**TRY IT**.
Leaving out the images, return the data below exactly as it is written.

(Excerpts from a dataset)
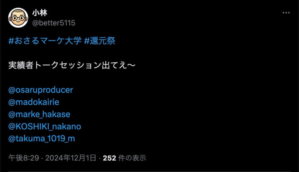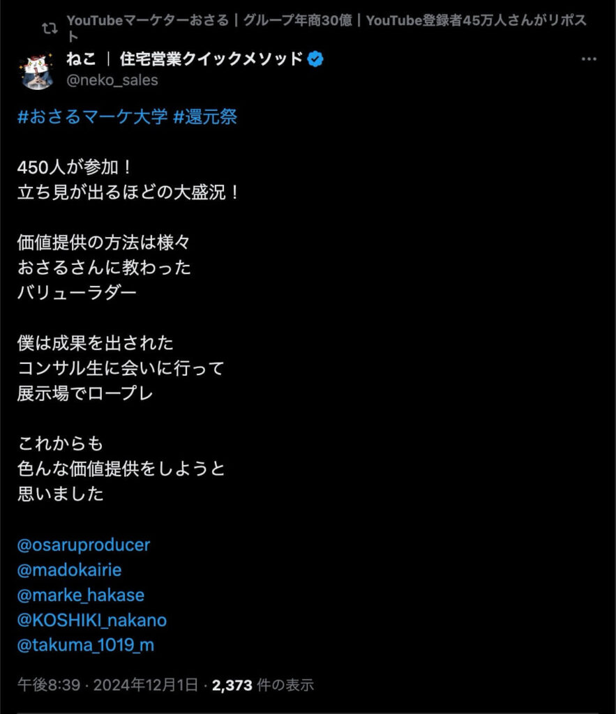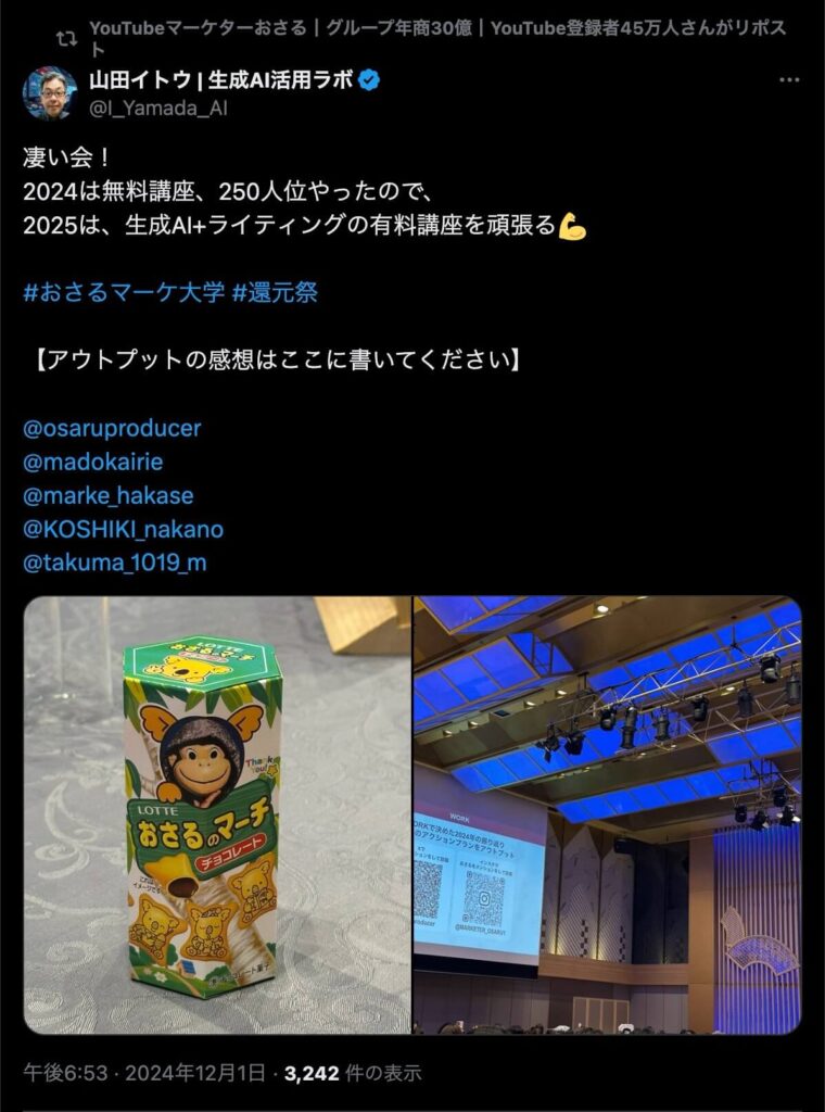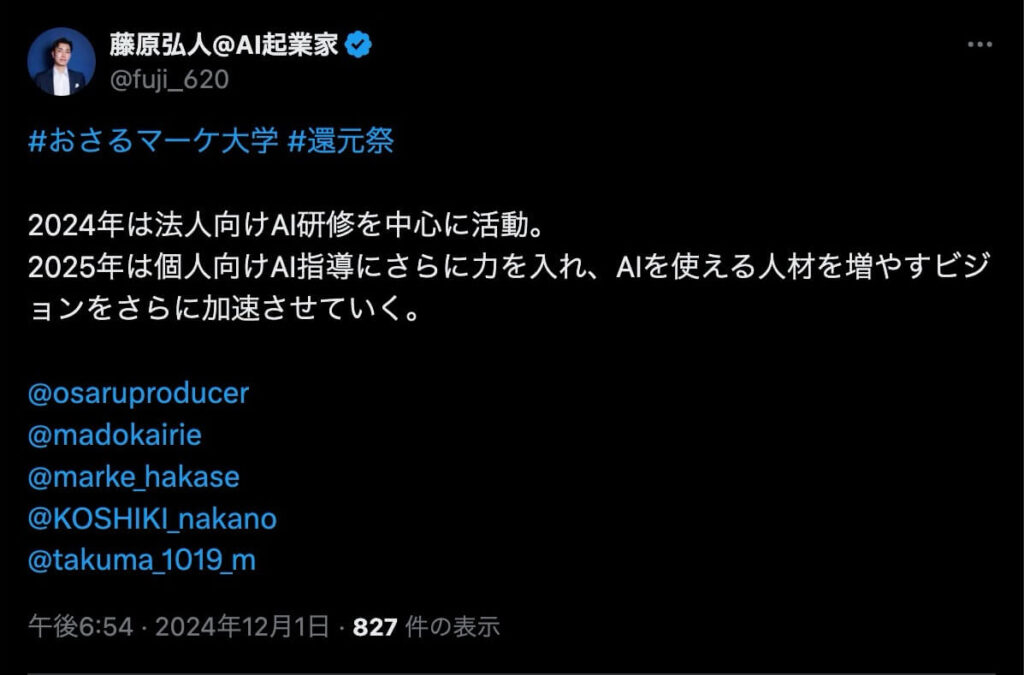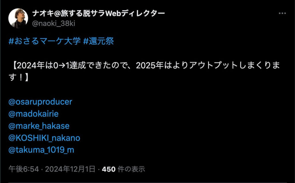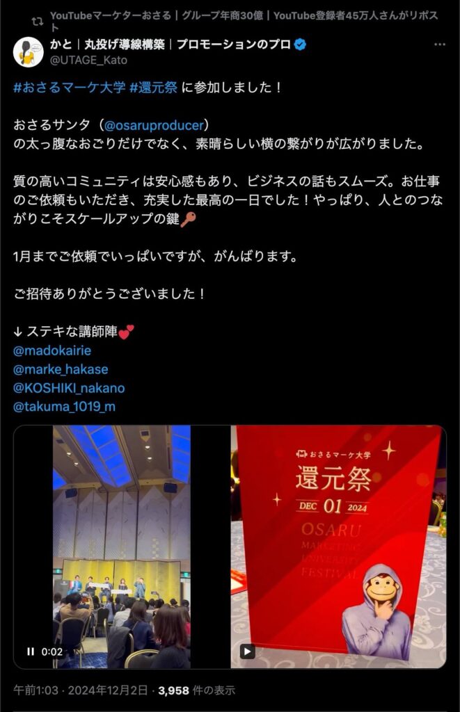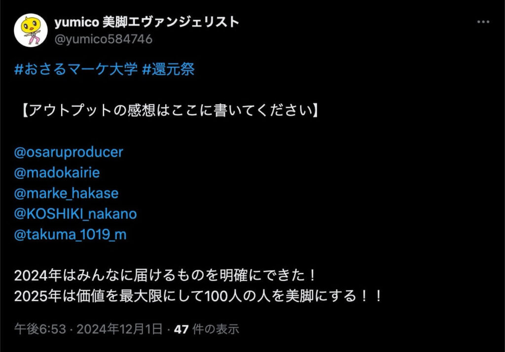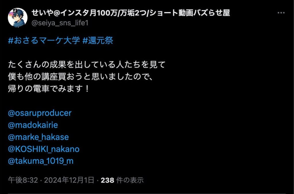 2024年12月1日、おさるマーケ大学の累計受講生数が5,000名突破したことを記念して「還元祭」と題した特別企画を開催しました。
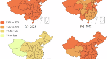 where \({y}_{i}\) is a dependent variable via a linear function of a set of \(p\) independent variables, \({x}_{1}\),\(\,{x}_{2}\),\(\ldots \ldots ,{x}_{p}\); \({\beta }_{0}\left({u}_{i},{v}_{i}\right)\) is the regression coefficient at point \(i\), which indicates the degree of influence of the independent variable on the dependent variable; \(\left({u}_{i},{v}_{i}\right)\) is the geographic center coordinate of the \(i\) sample point; \({\beta }_{k}\left({u}_{i},{v}_{i}\right)\) is the sample value of the continuous function, \({\beta }_{k}(u,v)\) in the sample space at point \(i\); \({x}_{{ik}}\) represents the value of the independent variable \({x}_{k}\) at point \(i\); and \(\varepsilon\) is the normal distribution function with constant variance, which represents the random error term.
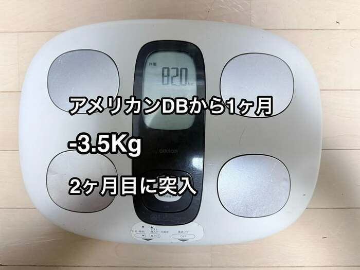 ダイエット開始から約1ヵ月後の5月12日には、体重が82キロと、マイナス3.5キロの減量に成功。
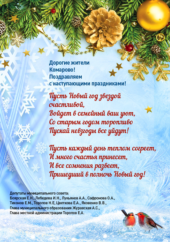 С Новым Годом и Рождеством! 22 Дек 2016 Дорогие жители поселка Комарово! Поздравляем с наступающими праздниками!
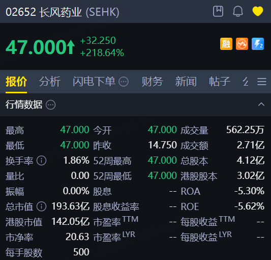10月8日,長風藥業上市首日大幅高開逾218%,股價報47港元;不計手續費,中籤一手賺超16000港元;此前公開發售階段獲近6700倍認購,一手中籤率1%。
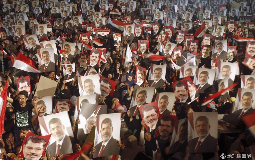 照片中是埃及前總統穆爾西,他有著大學教授、工程師背景,也是埃及歷史上第一位代表伊斯蘭勢力(指穆斯林兄弟會)、沒有軍方背景的總統,更是埃及第一位經由民主選舉產生的總統,但他因為無法解決埃及許多社會問題引起民怨,最後因為軍事政變下台。
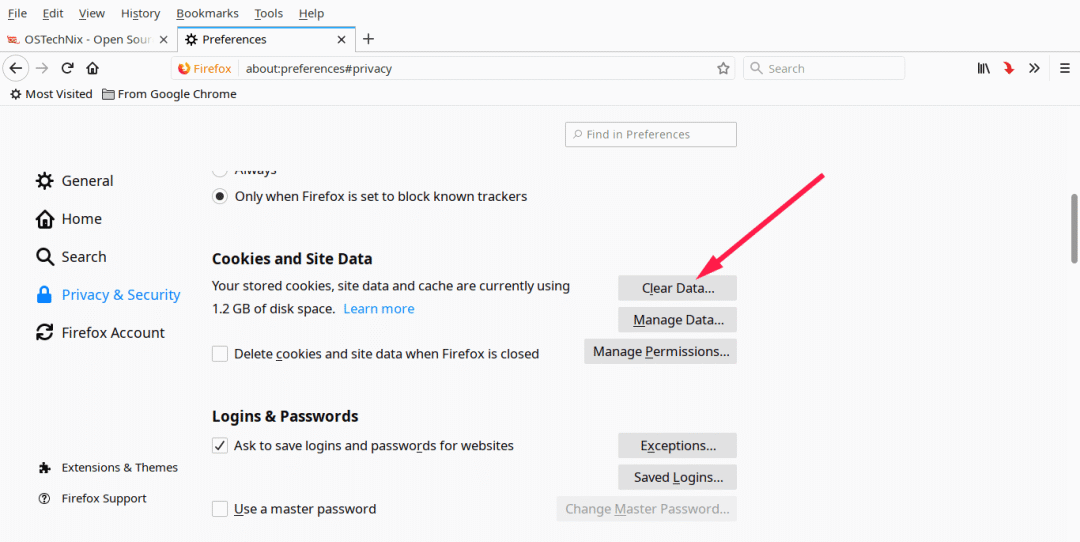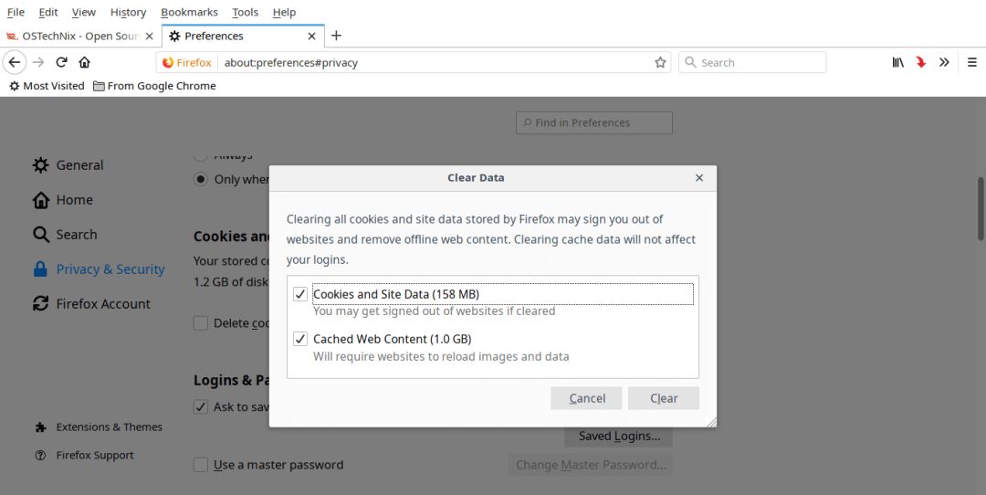 打开 “Edit - > Preferences”,在 “Preferences” 窗口中,打开左窗格中的 “Privacy & Security” 选项卡,单击 “Clear Data” 选项清除 Firefox 缓存。

**TASK RESPONSE**.
 2024年12月1日、おさるマーケ大学の累計受講生数が5,000名突破したことを記念して「還元祭」と題した特別企画を開催しました。
 where \({y}_{i}\) is a dependent variable via a linear function of a set of \(p\) independent variables, \({x}_{1}\),\(\,{x}_{2}\),\(\ldots \ldots ,{x}_{p}\); \({\beta }_{0}\left({u}_{i},{v}_{i}\right)\) is the regression coefficient at point \(i\), which indicates the degree of influence of the independent variable on the dependent variable; \(\left({u}_{i},{v}_{i}\right)\) is the geographic center coordinate of the \(i\) sample point; \({\beta }_{k}\left({u}_{i},{v}_{i}\right)\) is the sample value of the continuous function, \({\beta }_{k}(u,v)\) in the sample space at point \(i\); \({x}_{{ik}}\) represents the value of the independent variable \({x}_{k}\) at point \(i\); and \(\varepsilon\) is the normal distribution function with constant variance, which represents the random error term.
 ダイエット開始から約1ヵ月後の5月12日には、体重が82キロと、マイナス3.5キロの減量に成功。
 С Новым Годом и Рождеством! 22 Дек 2016 Дорогие жители поселка Комарово! Поздравляем с наступающими праздниками!
10月8日,長風藥業上市首日大幅高開逾218%,股價報47港元;不計手續費,中籤一手賺超16000港元;此前公開發售階段獲近6700倍認購,一手中籤率1%。
 照片中是埃及前總統穆爾西,他有著大學教授、工程師背景,也是埃及歷史上第一位代表伊斯蘭勢力(指穆斯林兄弟會)、沒有軍方背景的總統,更是埃及第一位經由民主選舉產生的總統,但他因為無法解決埃及許多社會問題引起民怨,最後因為軍事政變下台。
 打开 “Edit - > Preferences”,在 “Preferences” 窗口中,打开左窗格中的 “Privacy & Security” 选项卡,单击 “Clear Data” 选项清除 Firefox 缓存。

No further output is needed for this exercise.